Screening of hydrocephalus in infants using either WHO or population-based head circumference reference charts.

AIM: The aim was to compare the performances of the World Health Organization (WHO) and population-based (PB) references in the screening for hydrocephalus in infants aged <2 years. METHODS: We collected 341 longitudinal head circumference (HC) measurements of hydrocephalic infants and 120 181 measurements of 15 145 healthy infants from primary care. The measurements were converted into z-scores, and a new screening parameter, change in HC standard deviation score (SDS) over time (ΔHC SDS), was calculated. Comparisons were made using receiver operating characteristics analysis and linear mixed models. RESULTS: The mean HC SDSWHO was 3.5 and the mean HC SDSPB was 2.9 in the hydrocephalic infants, and in healthy children, those numbers were 1.0 SDSWHO and 0 SDSPB , respectively. The best screening accuracy was obtained with the PB reference in combination with the ΔHC SDS parameter (AUC 0.89).
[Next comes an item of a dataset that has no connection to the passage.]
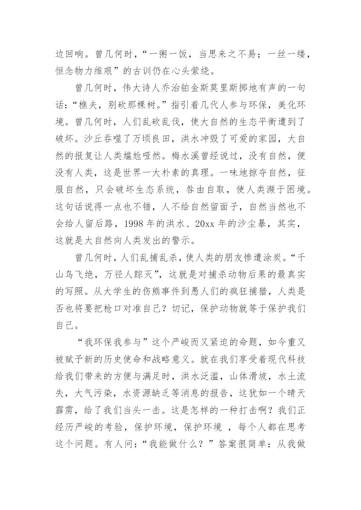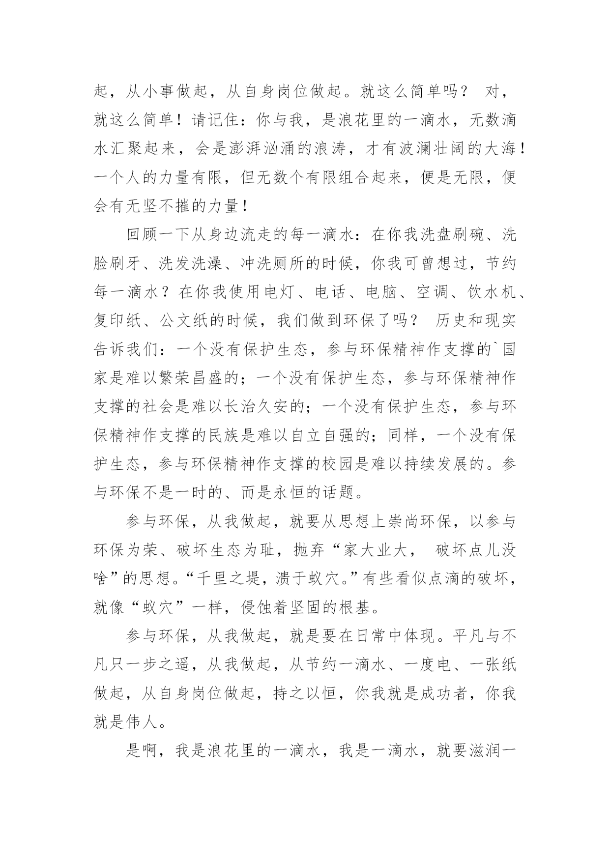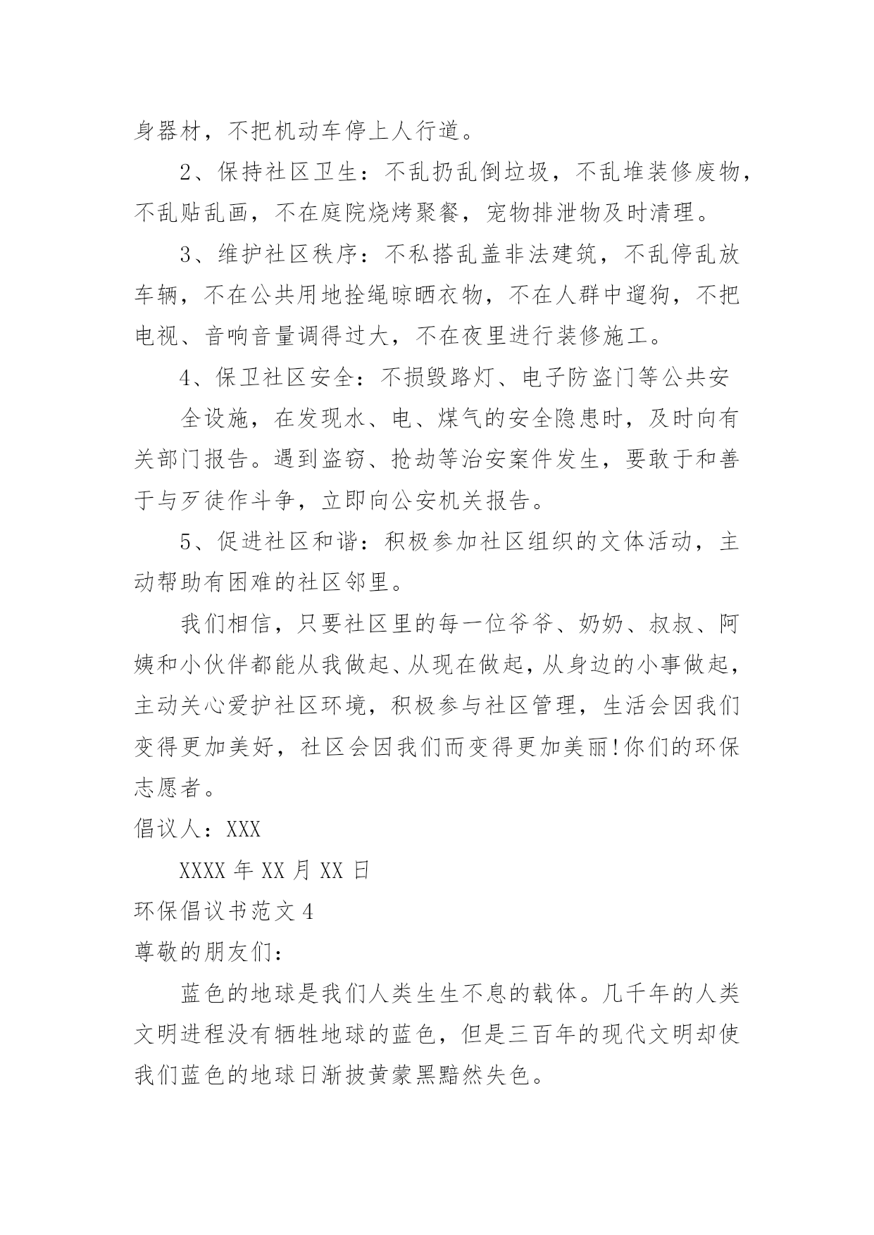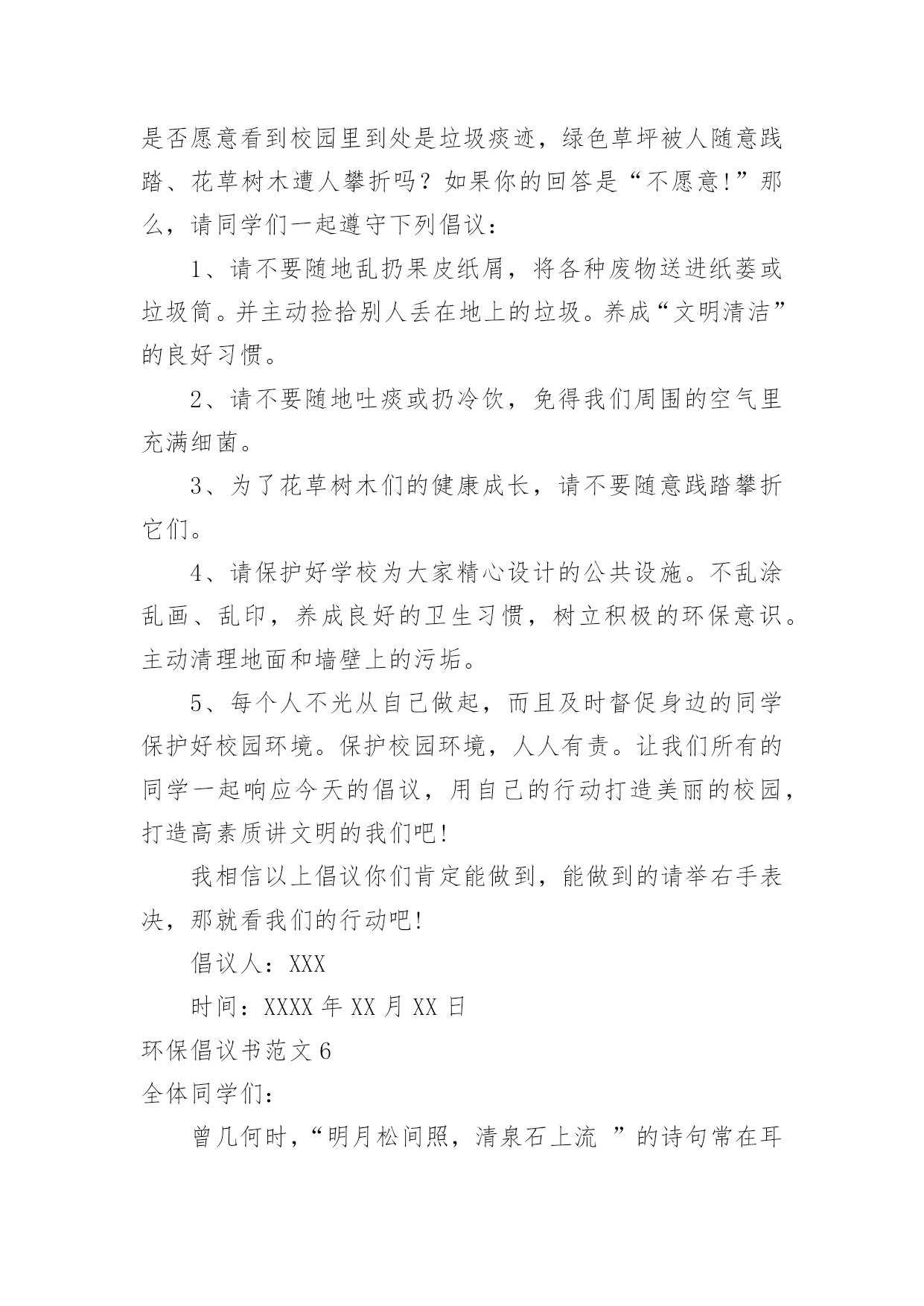 环保倡议书环保倡议书范文(汇编15篇)在充满活力,日益开放的今天,越来越多人会去使用倡议书,在写作上,倡议书有一定的书写规范。相信很多朋友都对写倡议书感到非常苦恼吧,下面是小编帮大家整理的环保倡议书范文,欢迎大家分享。环保倡议书范文1全镇的同胞们:地球,是人类的家园。它无私地把资源和空间送给我们,让我们能住上结实的房屋,能吃上可口的食物,能呼吸到新奇的空气,能感受到自然的芳香……可如今,环境已经被破坏得特别恶劣:被塑料袋填充的河流、卡着易拉罐的树木、飘舞着包装纸和传单的天空……人类假如不去爱护环境,环境自然也不会爱护我们。你顺手丢弃的垃圾,在几百年后才能分解完,还会被大自然中的`动物当做食物吃掉,而人又把动物当成食物。所以,人们丢的垃圾终有一天会害惨他们自己。在环境的报复里,没有一个人会是无辜的。为了生存的环境,为了健康的食物,为了人物的将来,请大家开头重视环境、爱护环境!为此,我向大家发出倡议:1、不乱扔垃圾,尽可能少使用塑料袋、塑料杯和一次性餐具等。2、不损害动物和益虫、不往花草树木上刻字、不往河里倒污水和垃圾。3、绿色出行,出门尽量乘坐公共汽车、地铁等公共交通工具或者步行、骑自行车,削减排放量。4、政府和社区可以在河边、街道放置垃圾桶,促进垃圾回收。5、政府可以组织义工或志愿者定期清理河道垃圾,保持河道洁净。6、循环利用水资源,把可回收垃圾和电池送到特地的回收站里,促进资源可回收利用。请大家行动起来,从小事做起、爱护环境,爱护我们共同的家园,让漂亮的家园不被垃圾废水污染!倡议人:xxx20xx年xx月xx日环保倡议书范文2新的世纪,我们渴望干净的地球,渴望健康的生命,渴望幸福的`家园,渴望绿色、健康、卫生的生活环境......作为二十一世纪的xx公司的职员,我们要义不容辞地承担起使命,共创绿色环保、健康卫生的新社会。我们的口号是:“绿色环保,举手之劳;从我做起,从点滴做起”。xx公司倡议:大了宣传普及环境保护知识,提高工人们的环境意识,积极参与工业园区的环保实践和监督;从我做起,从现在做起,从身边小事做起,提倡绿色生活,节约资源,减少污染,回收资源,绿色消费,支持环保;积极参与环境的绿化、美化、净化,清除或有效控制日常生活中产生的污染,对环境少一份破坏,多一份关爱,共创绿色家园;全面提高环境与发展意识,树立正确的环境价值观和环境道德风尚;认真贯彻国家方针政策,法律法规,为改善人类居住环境做出实质性的贡献。为了我们共同的家园,让我们行动起来,用爱心去关注环境的变化,用热情去传播环保的理念,用行动肩负起环保重任。让天更蓝,水更清,地更绿,让我们的工业园区更美丽。倡议人:XX时间:XX年XX月XX日环保倡议书范文3亲爱的爷爷、奶奶、叔叔、阿姨,社区小伙伴们:在市、区党委和政府的大力推动下,裸土地面硬化绿化集中整治战役在我们身边轰轰烈烈的打响了。社会各界纷纷出钱出力,参与到地面硬化、社区绿化、楼体粉刷、私建拆除等工作中,身边发生的巨大变化让我们欣喜又兴奋:破损的道板被重新铺装、荒芜的绿地种上了鲜花、角落里的垃圾杂物不见了踪影、多年的老楼也被粉刷一新,我们的家园,真的彻底变了样!但是,整洁、舒适、安全的社区环境不能光靠工人叔叔的建设,更需要大家承担起社区主人翁的责任,自觉担当社区的.管护员和监督员,为建设美好家园贡献力量。在此,我们向大家发出倡议:1、爱护社区设施:不践踏、损毁花坛绿地,不破坏健身器材,不把机动车停上人行道。2、保持社区卫生:不乱扔乱倒垃圾,不乱堆装修废物,不乱贴乱画,不在庭院烧烤聚餐,宠物排泄物及时清理。3、维护社区秩序:不私搭乱盖非法建筑,不乱停乱放车辆,不在公共用地拴绳晾晒衣物,不在人群中遛狗,不把电视、音响音量调得过大,不在夜里进行装修施工。4、保卫社区安全:不损毁路灯、电子防盗门等公共安全设施,在发现水、电、煤气的安全隐患时,及时向有关部门报告。遇到盗窃、抢劫等治安案件发生,要敢于和善于与歹徒作斗争,立即向公安机关报告。5、促进社区和谐:积极参加社区组织的文体活动,主动帮助有困难的社区邻里。我们相信,只要社区里的每一位爷爷、奶奶、叔叔、阿姨和小伙伴都能从我做起、从现在做起,从身边的小事做起,主动关心爱护社区环境,积极参与社区管理,生活会因我们变得更加美好,社区会因我们而变得更加美丽!你们的环保志愿者。倡议人:XXXXXXX年XX月XX日环保倡议书范文4尊敬的朋友们:蓝色的地球是我们人类生生不息的载体。几千年的人类文明进程没有牺牲地球的蓝色,但是三百年的现代文明却使我们蓝色的地球日渐披黄蒙黑黯然失色。当林立的高楼取代了荫荫的绿树,当城市的霓虹暗淡了星星的光茫,文明战胜了蛮荒,21世纪的人类站在了世界的巅峰。但是,北极熊却只能在越来越小的冰面上艰难地觅食,印度洋大海啸夺走了万千人的生命,sas肆虐、洪水横

The accuracy of the WHO standard could be improved to a similar level by customising the screening cut-offs of HC SDS according to the population and combining screening parameters. CONCLUSIONS: Auxology alone was not sufficient for the screening of hydrocephalus. The WHO standard should be validated in the population, and population-specific cut-offs for normality defined before its introduction.
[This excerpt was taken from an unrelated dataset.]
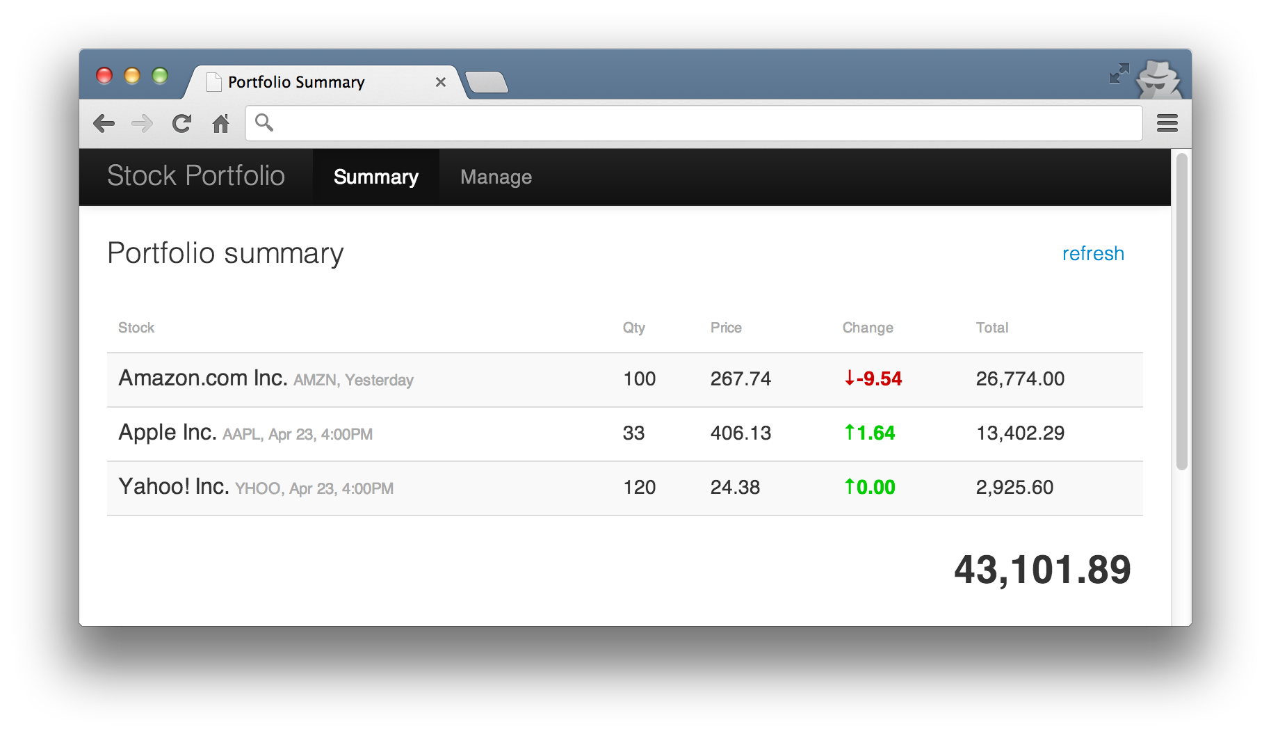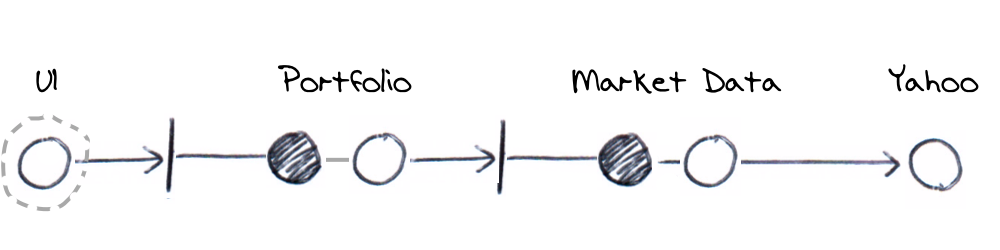 Lets imagine a system concerned with helping customers manage their stock portfolio. It displays details about stocks owned and allows the customer to buy and sell directly with an exchange. The system is made up of a browser based UI and a RESTful backend server. The backend uses a market data service provided by Yahoo to retrieve stock prices and connects directly to an exchange to execute trades.

Elevated head circumference-to-height ratio is an early and frequent feature in children with neurofibromatosis type 1.

BACKGROUND/AIMS: Children with neurofibromatosis type 1 (NF1) tend to be macrocephalic and short. Our aim was to define the incidence and diagnostic accuracy of elevated head circumference-to-height ratio (HCHR) in children with NF1 and to assess if elevated HCHR would facilitate early diagnosis of NF1. METHODS: Retrospective analysis of growth and health data of 80 NF1 patients aged 0-7 years was performed. The incidence and diagnostic accuracy of elevated HCHR for NF1 was analyzed using receiver operating characteristic curves. RESULTS: The median age when the first elevated (≥2.0 SDS) HCHR value was detected was 0.3 years (range 0.0-5.3). At the median age of diagnosis (3.6 years), 53.8% of NF1 children exhibited elevated HCHR. The diagnostic accuracy of HCHR alone was 0.78 (95% CI 0.72-0.84), but in comparison with the seven National Institutes of Health diagnostic criteria for NF1, elevated HCHR was the second most prevalent feature. CONCLUSION: Elevated HCHR is an early and frequent feature in NF1 children. Taking HCHR into account would facilitate the early detection of NF1.